## Dataset entries

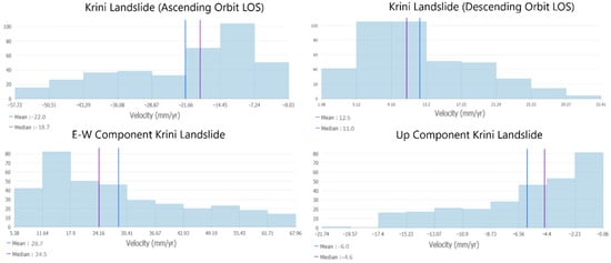 Histograms of LOS/E-W/U-D velocities of active landslides in the village of Krini (Affected area: 4,080,000 m2).
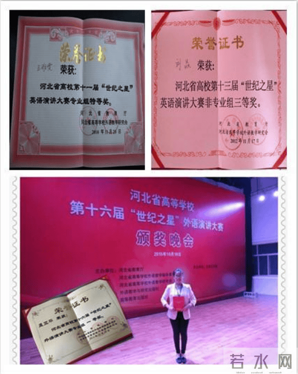 经过在学术型学生社团中的历练与提高,每位学术的专业基础能力切实得到了加强,在各级各类比赛中,屡有斩获。近两年,思辨演讲社社员共获得河北省世纪之星外语演讲大赛特等奖1个、一等奖1个、二等奖1个、三等奖6个;CCTV希望之星英语演讲大赛省一等奖14个。英华翻译社社员共获得全国大学生英语竞赛C类特等奖1个、一等奖2个,B类一等奖3个。英典读书会社员共获得河北省阅读大赛省级二等奖2个,河北省写作大赛省级二等奖2个。俄语瞳林社社员获得京津冀俄语大赛省级二等奖1个、三等奖5个。
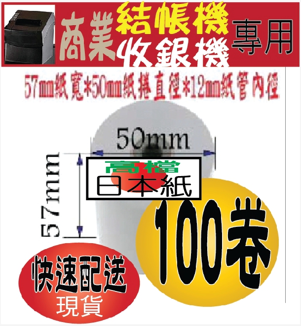 商業收銀機紙卷用 57*50*12 每箱100卷 x 超值組合64997商業收銀機紙卷用 .... 57*50*12 每箱100卷 x 超值組合 熱感紙卷 感熱紙卷 出單紙 出票紙 菜單紙 (不含雙酚A成份)@黑色包裝帶*20共100卷 5卷裝一袋共20個黑色袋@ 1,499
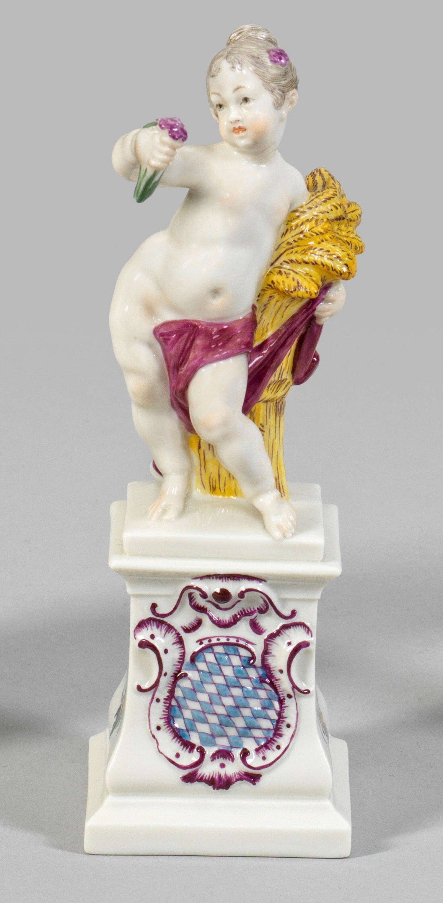Putto als Ceres Aus einer Jahreszeitengruppe. Auf Postament stehender Putto mit Getreidegarbe im Arm, den Sommer darstellend. Polychrome Malerei. Entw. Franz Anton Bustelli. Manufakturmarke. H. 16,5 cm.
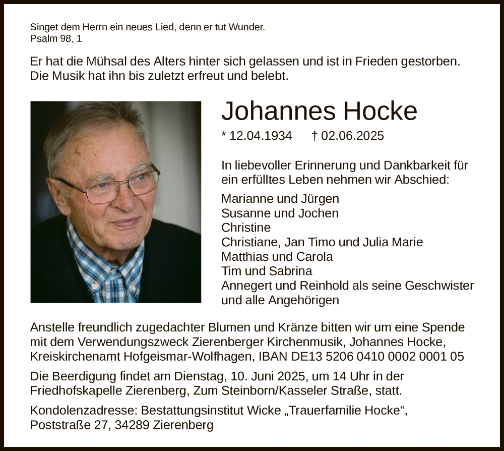 Hier finden Sie alle Traueranzeigen aus der Zeitung, die bisher für Johannes Hocke erschienen sind. Weitere Traueranzeigen, die in der Zeitung erscheinen, werden hier ebenfalls aufgelistet
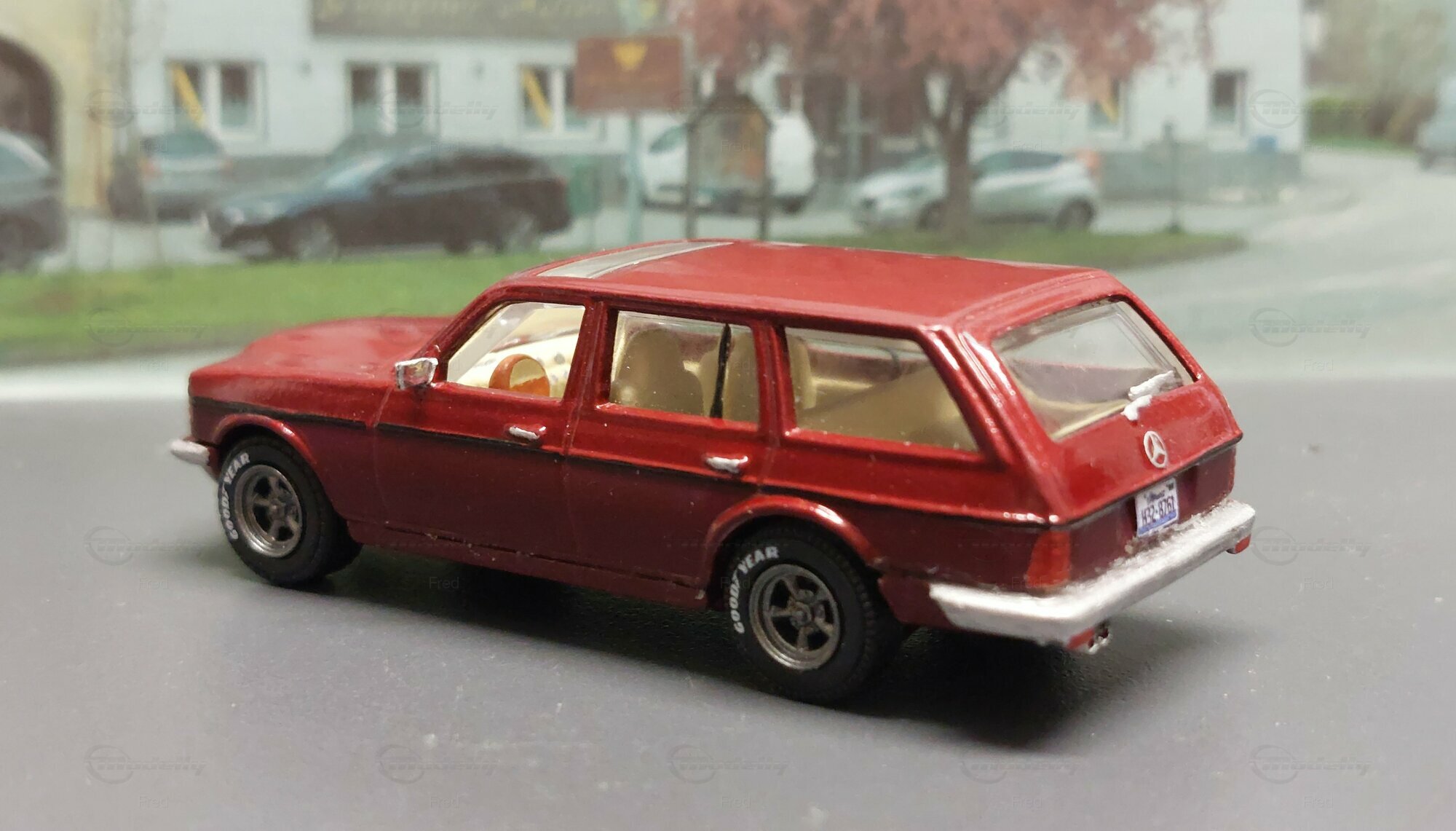 The model car shown here in 1/64 scale was manufactured by Matchbox and is based on the Mercedes-Benz T-Model (W123). However, it is a modified model that does not represent the original product produced by Matchbox. This model is made of diecast material and was added to the collection of Modelly member "Fred". A special feature of this model is the Goodyear tires, which are clearly visible in the pictures and add an extra level of authenticity to the vehicle. The miniature model in its modified form features a striking deep red paint job, with various attachments that mimic the original.

## Exercise goal
With pictures omitted, repeat the entries above word for word from the line holding "经过在学术型学生社团中的历练" down to the line holding "商業收銀機紙卷用 57*50*12 每箱100卷", keeping both of those lines.

## Answer section
 经过在学术型学生社团中的历练与提高,每位学术的专业基础能力切实得到了加强,在各级各类比赛中,屡有斩获。近两年,思辨演讲社社员共获得河北省世纪之星外语演讲大赛特等奖1个、一等奖1个、二等奖1个、三等奖6个;CCTV希望之星英语演讲大赛省一等奖14个。英华翻译社社员共获得全国大学生英语竞赛C类特等奖1个、一等奖2个,B类一等奖3个。英典读书会社员共获得河北省阅读大赛省级二等奖2个,河北省写作大赛省级二等奖2个。俄语瞳林社社员获得京津冀俄语大赛省级二等奖1个、三等奖5个。
 商業收銀機紙卷用 57*50*12 每箱100卷 x 超值組合64997商業收銀機紙卷用 .... 57*50*12 每箱100卷 x 超值組合 熱感紙卷 感熱紙卷 出單紙 出票紙 菜單紙 (不含雙酚A成份)@黑色包裝帶*20共100卷 5卷裝一袋共20個黑色袋@ 1,499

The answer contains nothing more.